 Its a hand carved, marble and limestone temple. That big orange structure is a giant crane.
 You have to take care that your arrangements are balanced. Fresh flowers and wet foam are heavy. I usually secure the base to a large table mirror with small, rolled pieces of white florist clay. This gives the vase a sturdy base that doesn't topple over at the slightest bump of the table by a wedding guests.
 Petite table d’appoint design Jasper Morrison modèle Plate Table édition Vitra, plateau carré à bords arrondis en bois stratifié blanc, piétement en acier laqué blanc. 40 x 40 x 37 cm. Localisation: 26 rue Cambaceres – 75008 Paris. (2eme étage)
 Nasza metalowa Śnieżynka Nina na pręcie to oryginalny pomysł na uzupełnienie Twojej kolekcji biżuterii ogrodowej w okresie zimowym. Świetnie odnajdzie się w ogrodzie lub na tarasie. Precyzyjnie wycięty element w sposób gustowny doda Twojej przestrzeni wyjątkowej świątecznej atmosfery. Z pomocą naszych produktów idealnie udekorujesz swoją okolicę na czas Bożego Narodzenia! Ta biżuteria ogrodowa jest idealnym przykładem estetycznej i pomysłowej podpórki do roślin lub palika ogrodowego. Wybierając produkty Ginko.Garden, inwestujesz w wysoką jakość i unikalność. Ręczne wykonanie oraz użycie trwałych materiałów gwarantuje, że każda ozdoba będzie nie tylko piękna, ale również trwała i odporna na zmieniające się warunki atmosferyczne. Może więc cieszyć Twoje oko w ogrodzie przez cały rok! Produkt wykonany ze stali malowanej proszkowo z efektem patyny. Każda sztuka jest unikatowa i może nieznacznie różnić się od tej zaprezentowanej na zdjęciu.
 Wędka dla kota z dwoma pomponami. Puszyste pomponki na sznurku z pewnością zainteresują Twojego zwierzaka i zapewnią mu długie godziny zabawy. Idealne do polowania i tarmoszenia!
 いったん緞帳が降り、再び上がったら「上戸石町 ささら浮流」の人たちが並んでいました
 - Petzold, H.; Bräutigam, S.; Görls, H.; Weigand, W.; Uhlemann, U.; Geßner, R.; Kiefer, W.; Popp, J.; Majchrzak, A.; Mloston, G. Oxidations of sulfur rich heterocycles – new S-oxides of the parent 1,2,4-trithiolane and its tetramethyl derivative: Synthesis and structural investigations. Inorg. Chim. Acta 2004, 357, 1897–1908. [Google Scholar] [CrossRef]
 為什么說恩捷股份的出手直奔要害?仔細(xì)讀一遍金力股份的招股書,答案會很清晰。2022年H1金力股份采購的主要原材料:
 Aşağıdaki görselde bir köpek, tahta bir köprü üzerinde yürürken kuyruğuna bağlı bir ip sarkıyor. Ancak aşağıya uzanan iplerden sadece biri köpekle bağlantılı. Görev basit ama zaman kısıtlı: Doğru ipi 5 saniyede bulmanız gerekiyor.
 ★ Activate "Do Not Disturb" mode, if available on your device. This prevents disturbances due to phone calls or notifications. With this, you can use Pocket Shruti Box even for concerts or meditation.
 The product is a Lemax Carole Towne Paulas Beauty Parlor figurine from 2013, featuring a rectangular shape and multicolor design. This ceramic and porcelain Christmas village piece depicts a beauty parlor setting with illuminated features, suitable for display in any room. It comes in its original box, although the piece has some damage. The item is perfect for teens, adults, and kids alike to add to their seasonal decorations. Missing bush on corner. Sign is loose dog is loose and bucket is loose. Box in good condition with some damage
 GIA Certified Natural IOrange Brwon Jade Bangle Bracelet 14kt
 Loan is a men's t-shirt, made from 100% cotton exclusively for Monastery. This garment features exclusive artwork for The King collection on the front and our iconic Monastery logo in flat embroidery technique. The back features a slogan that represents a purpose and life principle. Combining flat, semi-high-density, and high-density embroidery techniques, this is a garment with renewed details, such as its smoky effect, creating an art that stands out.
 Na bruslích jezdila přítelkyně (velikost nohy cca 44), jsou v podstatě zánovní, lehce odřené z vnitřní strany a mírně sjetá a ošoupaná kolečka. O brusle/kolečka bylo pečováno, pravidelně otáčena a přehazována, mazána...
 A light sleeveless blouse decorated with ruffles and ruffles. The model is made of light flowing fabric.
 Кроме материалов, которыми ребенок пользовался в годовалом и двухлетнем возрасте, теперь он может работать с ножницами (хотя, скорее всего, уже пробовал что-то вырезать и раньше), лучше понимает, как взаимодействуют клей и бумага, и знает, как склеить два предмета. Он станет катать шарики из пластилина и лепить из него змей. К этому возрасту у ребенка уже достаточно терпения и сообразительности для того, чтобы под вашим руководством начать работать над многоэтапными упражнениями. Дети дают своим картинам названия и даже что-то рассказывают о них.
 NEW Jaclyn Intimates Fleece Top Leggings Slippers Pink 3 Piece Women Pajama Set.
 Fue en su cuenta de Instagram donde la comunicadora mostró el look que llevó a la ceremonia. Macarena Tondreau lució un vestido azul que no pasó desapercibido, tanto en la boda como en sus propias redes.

Work instruction: When the line with "Wędka dla kota" is reached in the data above, begin copying, and stop after the line with "concerts or meditation."; copy each line exactly, both ends included.

Output below:
 Wędka dla kota z dwoma pomponami. Puszyste pomponki na sznurku z pewnością zainteresują Twojego zwierzaka i zapewnią mu długie godziny zabawy. Idealne do polowania i tarmoszenia!
 いったん緞帳が降り、再び上がったら「上戸石町 ささら浮流」の人たちが並んでいました
 - Petzold, H.; Bräutigam, S.; Görls, H.; Weigand, W.; Uhlemann, U.; Geßner, R.; Kiefer, W.; Popp, J.; Majchrzak, A.; Mloston, G. Oxidations of sulfur rich heterocycles – new S-oxides of the parent 1,2,4-trithiolane and its tetramethyl derivative: Synthesis and structural investigations. Inorg. Chim. Acta 2004, 357, 1897–1908. [Google Scholar] [CrossRef]
 為什么說恩捷股份的出手直奔要害?仔細(xì)讀一遍金力股份的招股書,答案會很清晰。2022年H1金力股份采購的主要原材料:
 Aşağıdaki görselde bir köpek, tahta bir köprü üzerinde yürürken kuyruğuna bağlı bir ip sarkıyor. Ancak aşağıya uzanan iplerden sadece biri köpekle bağlantılı. Görev basit ama zaman kısıtlı: Doğru ipi 5 saniyede bulmanız gerekiyor.
 ★ Activate "Do Not Disturb" mode, if available on your device. This prevents disturbances due to phone calls or notifications. With this, you can use Pocket Shruti Box even for concerts or meditation.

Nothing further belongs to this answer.